### What the exercise asks
Every line from the one with "Khách ngồi chật" through the end of the entries below should be written out exactly; the pictures should not.

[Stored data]
=== Section Start ===

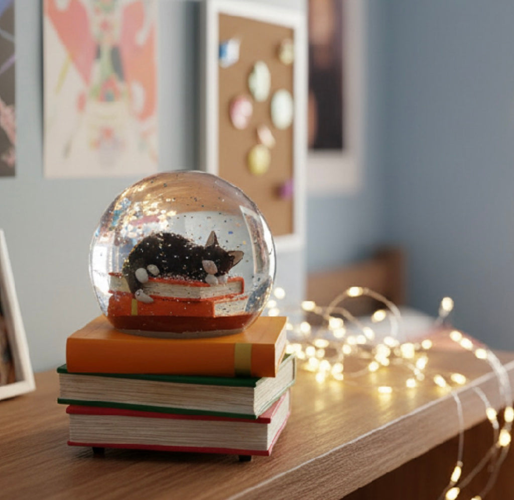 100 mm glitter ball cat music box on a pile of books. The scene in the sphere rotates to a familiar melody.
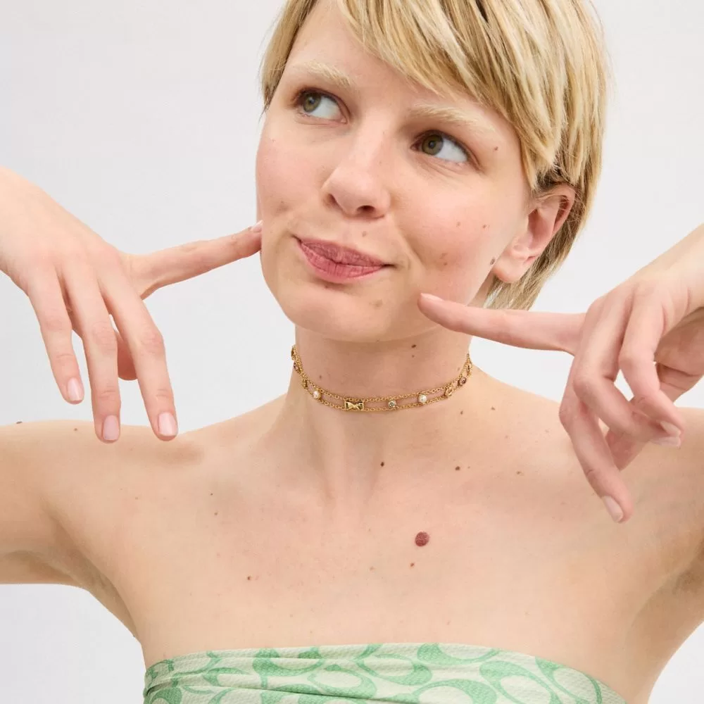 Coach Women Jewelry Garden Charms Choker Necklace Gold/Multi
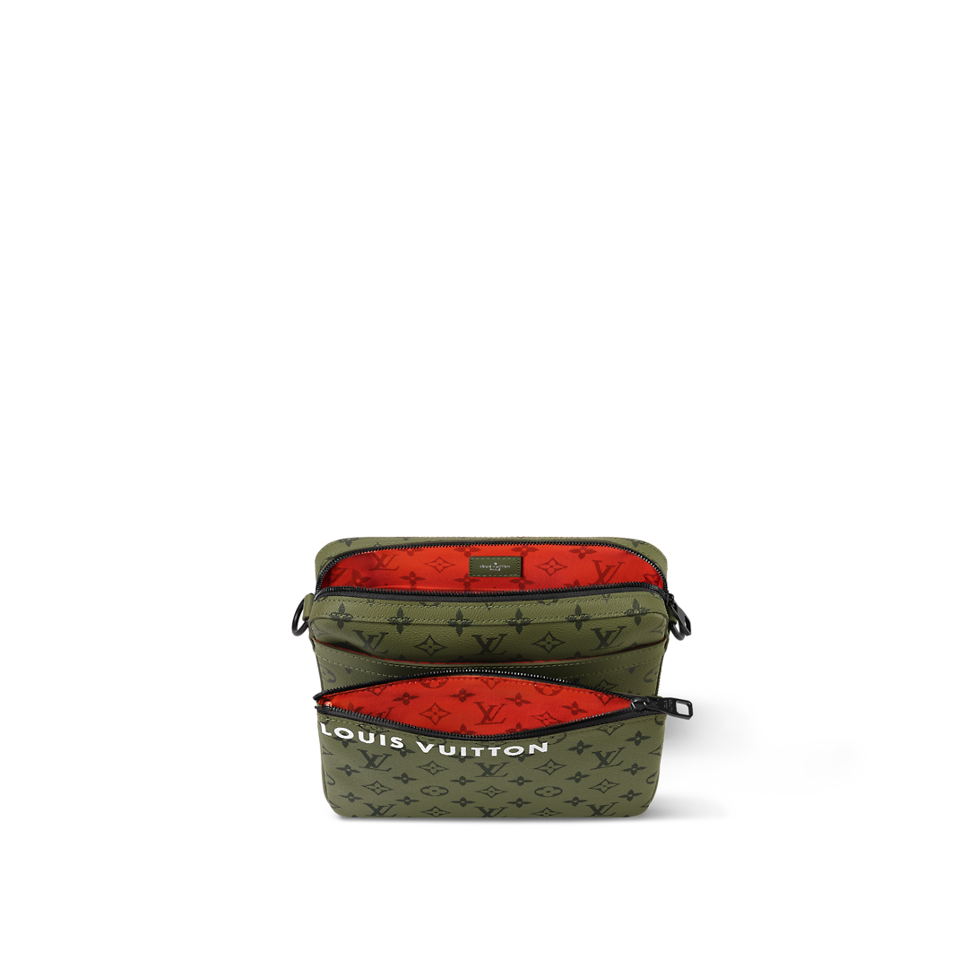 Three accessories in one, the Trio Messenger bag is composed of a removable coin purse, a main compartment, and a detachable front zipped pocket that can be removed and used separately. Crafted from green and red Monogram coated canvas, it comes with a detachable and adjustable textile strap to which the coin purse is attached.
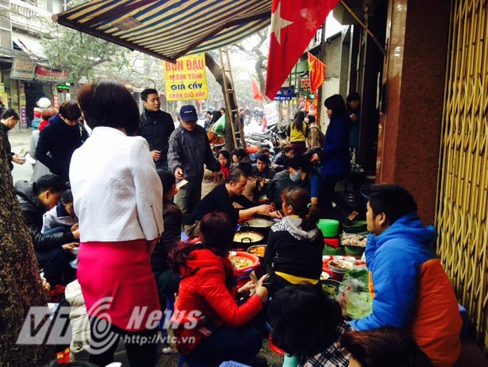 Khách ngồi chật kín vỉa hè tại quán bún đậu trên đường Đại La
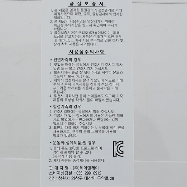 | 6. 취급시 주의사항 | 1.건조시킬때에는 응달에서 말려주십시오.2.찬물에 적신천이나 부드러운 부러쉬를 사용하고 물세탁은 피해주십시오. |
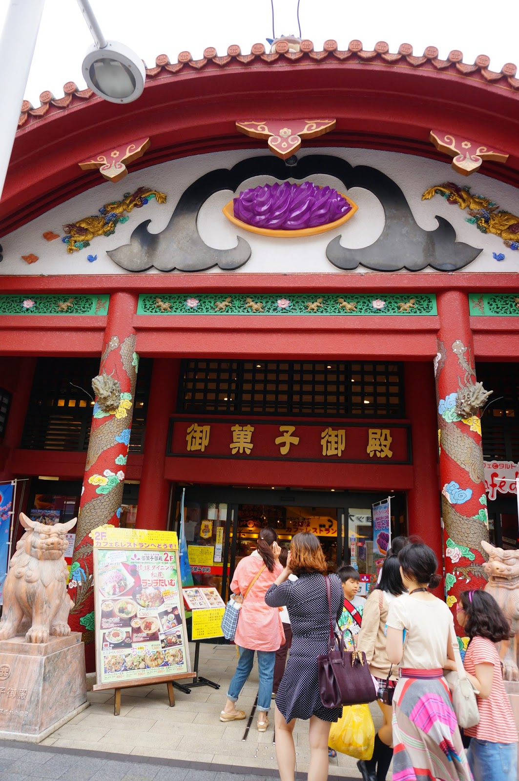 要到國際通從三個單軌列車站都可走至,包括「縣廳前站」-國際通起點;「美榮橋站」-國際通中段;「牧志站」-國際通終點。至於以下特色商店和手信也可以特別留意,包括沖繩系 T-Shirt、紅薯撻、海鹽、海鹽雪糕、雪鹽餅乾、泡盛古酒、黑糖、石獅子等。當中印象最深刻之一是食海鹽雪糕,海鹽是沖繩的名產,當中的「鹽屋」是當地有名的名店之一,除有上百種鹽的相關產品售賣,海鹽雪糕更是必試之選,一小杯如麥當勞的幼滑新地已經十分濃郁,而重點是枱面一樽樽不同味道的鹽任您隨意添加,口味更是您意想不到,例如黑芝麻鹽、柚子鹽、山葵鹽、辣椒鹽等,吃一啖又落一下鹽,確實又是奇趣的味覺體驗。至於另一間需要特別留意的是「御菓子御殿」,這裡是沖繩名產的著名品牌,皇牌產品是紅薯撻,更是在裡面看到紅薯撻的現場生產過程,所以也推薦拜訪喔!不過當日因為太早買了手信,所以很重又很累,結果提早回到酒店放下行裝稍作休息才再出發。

=== Section End ===

### Written solution
 Khách ngồi chật kín vỉa hè tại quán bún đậu trên đường Đại La
 | 6. 취급시 주의사항 | 1.건조시킬때에는 응달에서 말려주십시오.2.찬물에 적신천이나 부드러운 부러쉬를 사용하고 물세탁은 피해주십시오. |
 要到國際通從三個單軌列車站都可走至,包括「縣廳前站」-國際通起點;「美榮橋站」-國際通中段;「牧志站」-國際通終點。至於以下特色商店和手信也可以特別留意,包括沖繩系 T-Shirt、紅薯撻、海鹽、海鹽雪糕、雪鹽餅乾、泡盛古酒、黑糖、石獅子等。當中印象最深刻之一是食海鹽雪糕,海鹽是沖繩的名產,當中的「鹽屋」是當地有名的名店之一,除有上百種鹽的相關產品售賣,海鹽雪糕更是必試之選,一小杯如麥當勞的幼滑新地已經十分濃郁,而重點是枱面一樽樽不同味道的鹽任您隨意添加,口味更是您意想不到,例如黑芝麻鹽、柚子鹽、山葵鹽、辣椒鹽等,吃一啖又落一下鹽,確實又是奇趣的味覺體驗。至於另一間需要特別留意的是「御菓子御殿」,這裡是沖繩名產的著名品牌,皇牌產品是紅薯撻,更是在裡面看到紅薯撻的現場生產過程,所以也推薦拜訪喔!不過當日因為太早買了手信,所以很重又很累,結果提早回到酒店放下行裝稍作休息才再出發。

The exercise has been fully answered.